Figure 4 presents the applied load and Young’s modulus v.s. the penetration depth and the recalculated mean values of Young’s moduli. Figure 4a–c are obtained from the same test as Figure 3a, but the presented data correspond to different depth ranges. Figure 4d–f correspond to Figure 3b, and data are also extracted from the identical depth range. Through comparison of Figure 4a,d, the smaller scale (HV-B) presents more heterogeneity than the larger scale (HV-A). The stronger obvious fluctuation in Figure 4b results from the local morphology, and it should be mainly due to SnO 2 distribution. If the area of the drilling point is larger (H-A), statistically, the possibility of covering the various amount of particles, including zero vol.% among measured points, reduces. It means the fluctuation tends to be smoother. The measured maximum Young’s modulus is about 259 GPa (HV-B) at about 40 nm of the drilling depth. It means that the drilling area should cover nearly 100% SnO 2 particles. According to [20], including its cited works, this value is in [261, 268] GPa for pure SnO 2 . Figure 4b,d indicate that the heterogeneity of local Young’s modulus becomes milder according to the increment of the measured area. The deeper the depth, the more pronounced the tendency. Even though the mean values of the recalculated Young’s moduli (Figure 4c,f) cover approximately the same range (≈[70, 180] GPa), the scatter of data is more evident for the HV-B case. It means that the smaller the size, the higher the heterogeneity.
The measured local properties at different sizes will be used as input parameters for transition zones in micro-macro simultaneous simulations in the future.
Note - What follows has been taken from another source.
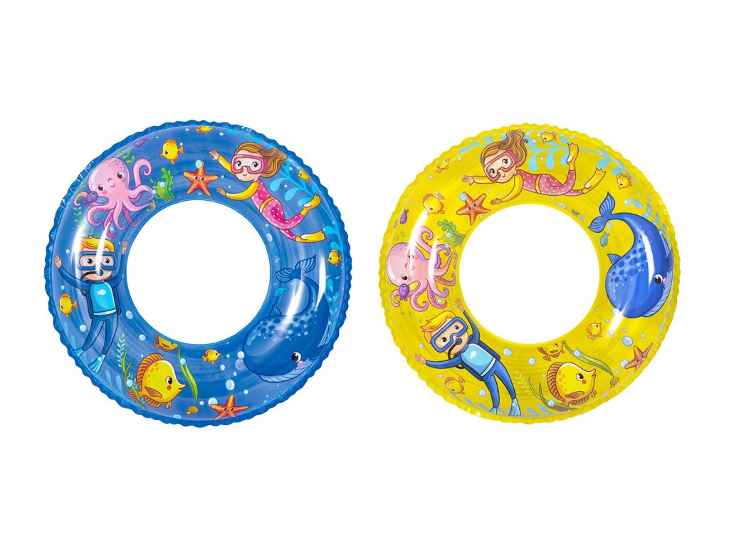 Kruh nafukovací 60 cm SEA WORLD, mix. průměr: 60 cm materiál: vinyl mix barev: žlutá, modrá Nafukovací kruh SEA FISH je určen pro děti ve věku 4 - 8 let. Nafukovací kruh je praktický pomocník pro vaše dítě při hrátkách ve vodě.Obrázky jsou pouze ilustrativní.

In many cases, the measured local stress, including the yielding stress, can be directly used in simulations. Generally, the study of establishing a relation between measured hardness (including elastic modulus) and the local (yield) stress is still in the investigation stage. It means no concrete recalculation form/ansatz exists between hardness value and the local stress, especially for the currently studied composite due to even less available data. The recalculation form, as mentioned above, should also vary from material to material. It means that our material cannot share the identical recalculation form (ansatz) for steels. Pavlina and Van Tyne [22] showed some examples for converting the hardness value to the stress value. With the measured force-depth, Young’s-modulus-depth data from nanoindentation tests, and the measured local strain data from digital image correlation tests, the subsequent step work will try to deduce and establish the relation between measured hardness and the local (yielding) stress.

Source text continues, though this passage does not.